Bailey’s string experimentation encouraged other guitarists, with Hans Reichel one of the most iconoclastic. Recorded in Hagen, Germany in 1973, Wichlinghauser Blues (Corbett vs. Dempsey CvsD CD 033), finds Reichel using a handcrafted 11-string guitar with three pick-ups and at points extending the sound with a wah-wah pedal, water-glass-on-strings pressure, and on “Shaved Guitar” working an electric razor along the strings to append a harsh drone to his picking. Less gimmicky, but just as radical, he often mixes simple folk melodies with more radical fare. “Krampfhandlungen-1st Version” for instance could be from two guitarists, one slashing bottleneck-like whines and the other strumming quieter but offbeat harp-like arpeggios. Smacking the instrument’s wood at first, Reichel ends the piece with distorted rumbles that suggest a 1960s freak-out. “Krampfhandlungen-2nd Version” is no more than a fraternal twin, with harsh vibrations accelerating to echoing note spills and string hand pumps, then descending to brief clinks without losing chromatic motion. Caustic and menacing, the title tune uses fills to advance the narrative without negating the melody, although every tone comes with an extended echo. Tellingly the concluding “Schlaflied” demonstrates his offbeat finger-picking prowess which stays dissonant even while frequently threatening to break into a folk-pop melody.

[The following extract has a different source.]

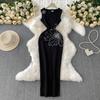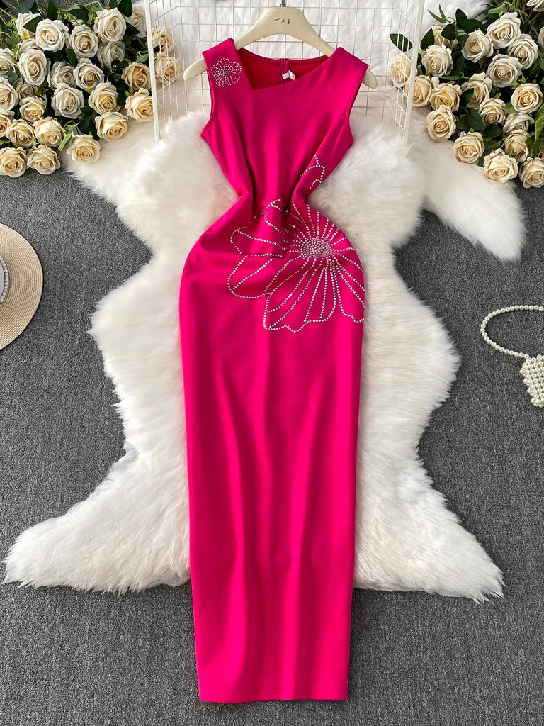 Dinner Party Dress Women's Summer High Sense Hot Diamond Flower V-Neck Sleeveless Slim Skinny Split Dress

Toronto’s Sackville Records regularly documenting jazz advances in the 1970s, including Roscoe Mitchell’s Duets with Anthony Braxton (Delmark/Sackville SK 3016). Each plays a woodwind factory’s collection of reeds and flutes while interpreting five Mitchell compositions and three by Braxton. Despite graphic score titles, it’s the Braxton’s pieces that are more approachable. In fact “Composition 40Q” finds two bass saxophones waddling in tandem to a march-like tempo. Weaving elephantine snorts and farts together the circus style theme is briefly interrupted by reed peeps and slides before ending with more basement pitches. Completed with full, rounded tones which complement one another’s output, “Composition 74B” manages to link curlicue wiggles and circular breathing from paired flutes while maintaining an underlying rhythm. However “Composition 74A”, the third and longest Braxton line, depends on both players instantaneously switching from flute to baritone sax to alto saxophone and on to other horns, affiliating and breaking apart timbres as one or another limns the melody and the other decorates it. Mitchell’s lengthy “Cards Three and Open” is another superior track, with the woodwind/flute assemblage constantly pivoting from decorous piccolo pitches or altissimo reed bites to the huffing and puffing of subterranean-pitched saxophones. Modulating forward, during which each player seemingly surprises with new information, this penultimate sequence is all bellows until a sudden swing section wraps things up. Additionally while high-pitched microtonal harmonies undulate through “Five Twenty One Equals Eight”, the two versions of “Seven Behind Nine Ninety Seven Sixteen or Seven”, one previously unreleased, scream and judder with the dissonant audacity of 1960s Free Jazz. Somehow though, the alternating foghorn snorts and altissimo overblowing mutates into definite statements. The value of reissues like these is that those who weren’t around to experience the music first hand can now hear what caused all the excitement.